> _DATASET CONTENT_
·····

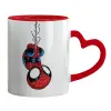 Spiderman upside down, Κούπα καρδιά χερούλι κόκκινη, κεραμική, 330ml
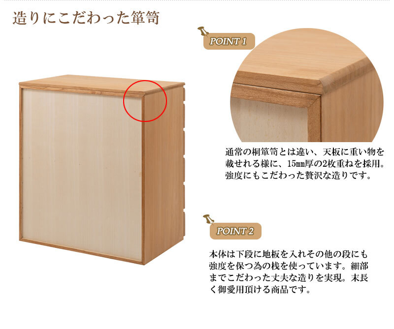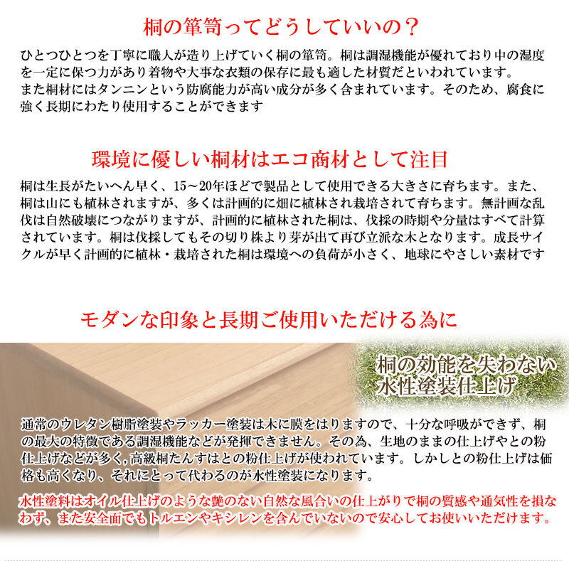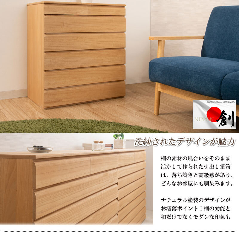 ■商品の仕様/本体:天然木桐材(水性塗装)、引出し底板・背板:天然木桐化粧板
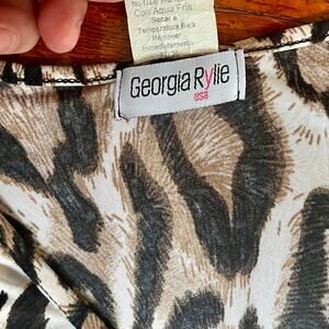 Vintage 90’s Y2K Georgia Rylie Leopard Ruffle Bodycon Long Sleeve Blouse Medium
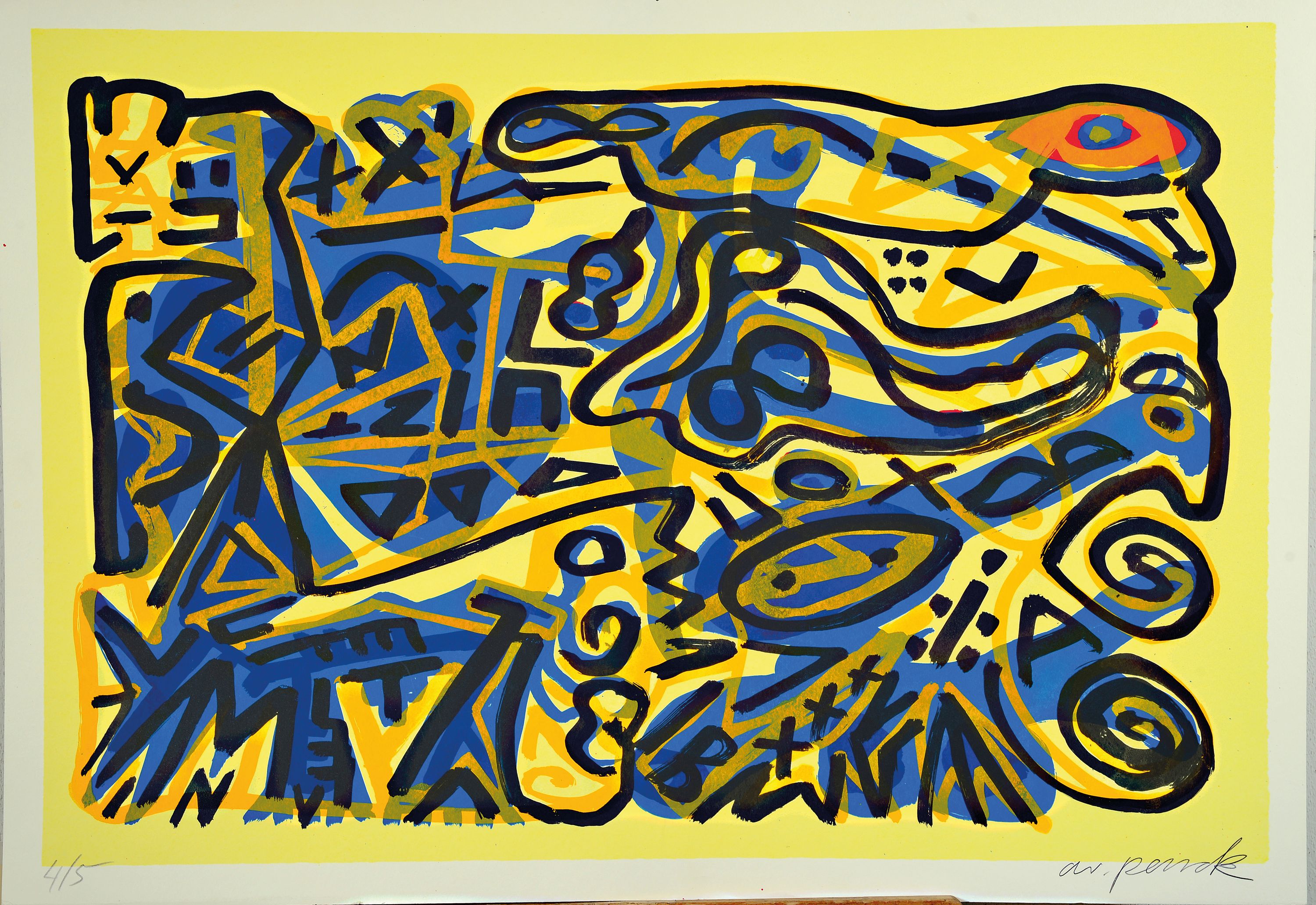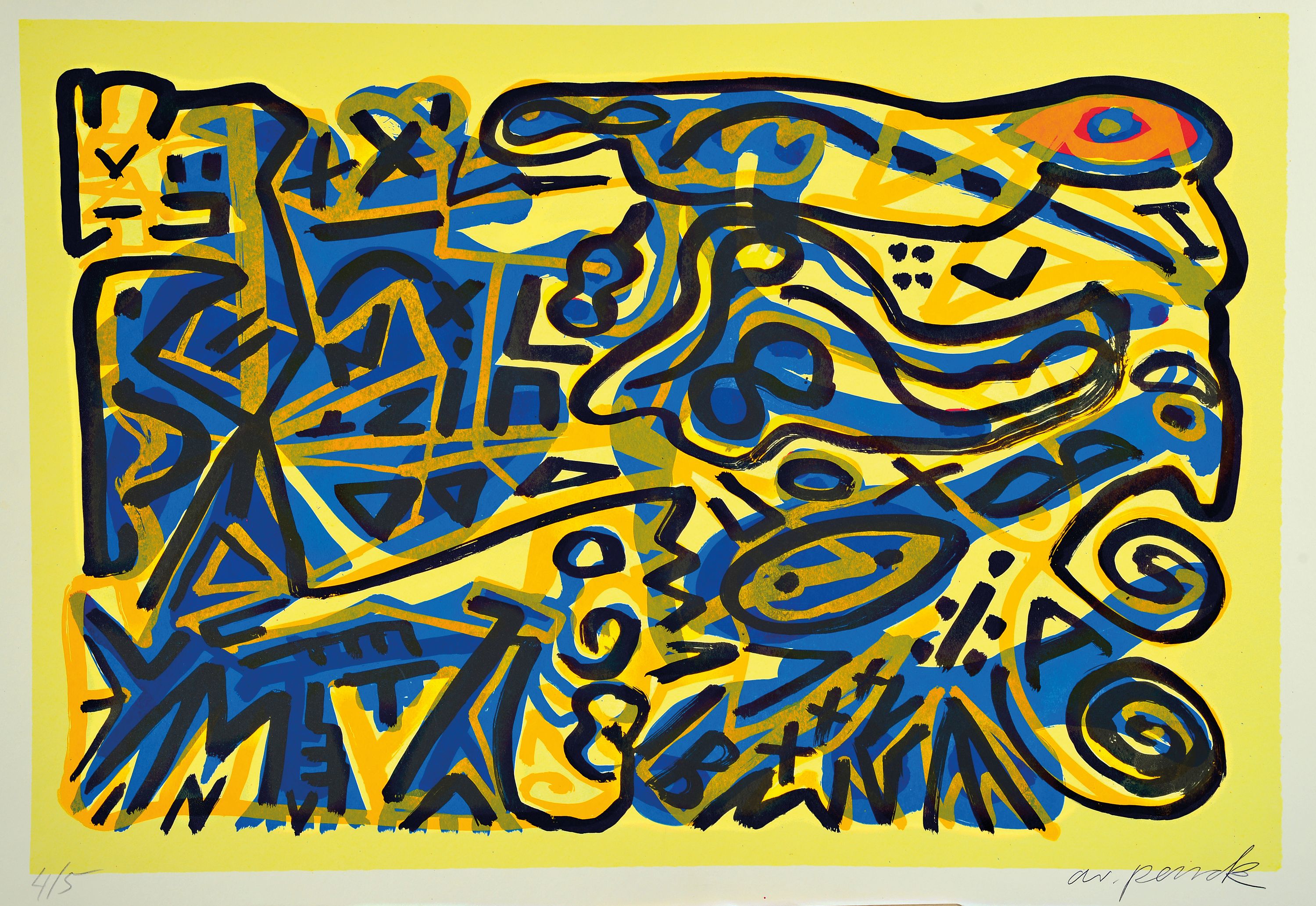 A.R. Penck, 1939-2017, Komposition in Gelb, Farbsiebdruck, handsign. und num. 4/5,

·····

> _WHAT TO WORK ON_
Nothing but the text is wanted: repeat the data above exactly, without its images.

> _SOLUTION_
 Spiderman upside down, Κούπα καρδιά χερούλι κόκκινη, κεραμική, 330ml
 ■商品の仕様/本体:天然木桐材(水性塗装)、引出し底板・背板:天然木桐化粧板
 Vintage 90’s Y2K Georgia Rylie Leopard Ruffle Bodycon Long Sleeve Blouse Medium
 A.R. Penck, 1939-2017, Komposition in Gelb, Farbsiebdruck, handsign. und num. 4/5,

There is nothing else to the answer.